- TASK REQUIREMENTS -
The records below must be copied in full, exactly as they read.

- MATERIAL FOR THE TASK -
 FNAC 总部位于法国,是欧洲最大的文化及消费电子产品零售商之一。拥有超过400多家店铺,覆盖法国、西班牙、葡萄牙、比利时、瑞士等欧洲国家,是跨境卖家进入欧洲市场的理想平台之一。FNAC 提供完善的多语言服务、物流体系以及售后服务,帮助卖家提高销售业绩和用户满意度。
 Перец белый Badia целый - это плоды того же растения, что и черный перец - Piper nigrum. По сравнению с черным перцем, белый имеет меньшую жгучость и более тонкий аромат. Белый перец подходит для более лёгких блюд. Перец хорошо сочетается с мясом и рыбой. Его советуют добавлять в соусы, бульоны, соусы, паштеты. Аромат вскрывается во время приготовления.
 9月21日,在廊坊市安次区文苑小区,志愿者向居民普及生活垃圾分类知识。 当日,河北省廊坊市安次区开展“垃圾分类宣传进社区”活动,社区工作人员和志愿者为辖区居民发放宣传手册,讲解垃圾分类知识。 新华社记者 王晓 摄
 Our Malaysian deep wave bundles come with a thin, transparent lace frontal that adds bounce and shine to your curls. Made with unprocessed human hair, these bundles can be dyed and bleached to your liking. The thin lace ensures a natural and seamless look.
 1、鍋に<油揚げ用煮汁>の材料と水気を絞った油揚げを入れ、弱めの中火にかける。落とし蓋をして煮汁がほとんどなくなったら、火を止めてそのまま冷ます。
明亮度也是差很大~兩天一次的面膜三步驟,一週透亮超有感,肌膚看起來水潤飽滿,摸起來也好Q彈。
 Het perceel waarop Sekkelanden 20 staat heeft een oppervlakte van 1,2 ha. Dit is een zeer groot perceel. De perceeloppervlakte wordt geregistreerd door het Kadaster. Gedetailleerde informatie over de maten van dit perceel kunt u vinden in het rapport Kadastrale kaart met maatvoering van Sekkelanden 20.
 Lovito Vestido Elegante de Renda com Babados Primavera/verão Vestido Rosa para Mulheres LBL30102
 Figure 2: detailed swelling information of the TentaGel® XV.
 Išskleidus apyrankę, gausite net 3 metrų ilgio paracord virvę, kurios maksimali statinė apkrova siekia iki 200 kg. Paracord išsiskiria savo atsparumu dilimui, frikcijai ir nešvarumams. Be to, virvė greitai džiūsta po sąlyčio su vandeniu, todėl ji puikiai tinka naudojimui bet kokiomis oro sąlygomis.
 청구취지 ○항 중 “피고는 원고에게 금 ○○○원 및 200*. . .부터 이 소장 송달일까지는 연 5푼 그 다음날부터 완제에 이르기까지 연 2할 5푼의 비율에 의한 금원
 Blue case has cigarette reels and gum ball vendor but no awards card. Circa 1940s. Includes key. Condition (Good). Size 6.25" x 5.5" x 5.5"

- RESPONSE BELOW -
 FNAC 总部位于法国,是欧洲最大的文化及消费电子产品零售商之一。拥有超过400多家店铺,覆盖法国、西班牙、葡萄牙、比利时、瑞士等欧洲国家,是跨境卖家进入欧洲市场的理想平台之一。FNAC 提供完善的多语言服务、物流体系以及售后服务,帮助卖家提高销售业绩和用户满意度。
 Перец белый Badia целый - это плоды того же растения, что и черный перец - Piper nigrum. По сравнению с черным перцем, белый имеет меньшую жгучость и более тонкий аромат. Белый перец подходит для более лёгких блюд. Перец хорошо сочетается с мясом и рыбой. Его советуют добавлять в соусы, бульоны, соусы, паштеты. Аромат вскрывается во время приготовления.
 9月21日,在廊坊市安次区文苑小区,志愿者向居民普及生活垃圾分类知识。 当日,河北省廊坊市安次区开展“垃圾分类宣传进社区”活动,社区工作人员和志愿者为辖区居民发放宣传手册,讲解垃圾分类知识。 新华社记者 王晓 摄
 Our Malaysian deep wave bundles come with a thin, transparent lace frontal that adds bounce and shine to your curls. Made with unprocessed human hair, these bundles can be dyed and bleached to your liking. The thin lace ensures a natural and seamless look.
 1、鍋に<油揚げ用煮汁>の材料と水気を絞った油揚げを入れ、弱めの中火にかける。落とし蓋をして煮汁がほとんどなくなったら、火を止めてそのまま冷ます。
明亮度也是差很大~兩天一次的面膜三步驟,一週透亮超有感,肌膚看起來水潤飽滿,摸起來也好Q彈。
 Het perceel waarop Sekkelanden 20 staat heeft een oppervlakte van 1,2 ha. Dit is een zeer groot perceel. De perceeloppervlakte wordt geregistreerd door het Kadaster. Gedetailleerde informatie over de maten van dit perceel kunt u vinden in het rapport Kadastrale kaart met maatvoering van Sekkelanden 20.
 Lovito Vestido Elegante de Renda com Babados Primavera/verão Vestido Rosa para Mulheres LBL30102
 Figure 2: detailed swelling information of the TentaGel® XV.
 Išskleidus apyrankę, gausite net 3 metrų ilgio paracord virvę, kurios maksimali statinė apkrova siekia iki 200 kg. Paracord išsiskiria savo atsparumu dilimui, frikcijai ir nešvarumams. Be to, virvė greitai džiūsta po sąlyčio su vandeniu, todėl ji puikiai tinka naudojimui bet kokiomis oro sąlygomis.
 청구취지 ○항 중 “피고는 원고에게 금 ○○○원 및 200*. . .부터 이 소장 송달일까지는 연 5푼 그 다음날부터 완제에 이르기까지 연 2할 5푼의 비율에 의한 금원
 Blue case has cigarette reels and gum ball vendor but no awards card. Circa 1940s. Includes key. Condition (Good). Size 6.25" x 5.5" x 5.5"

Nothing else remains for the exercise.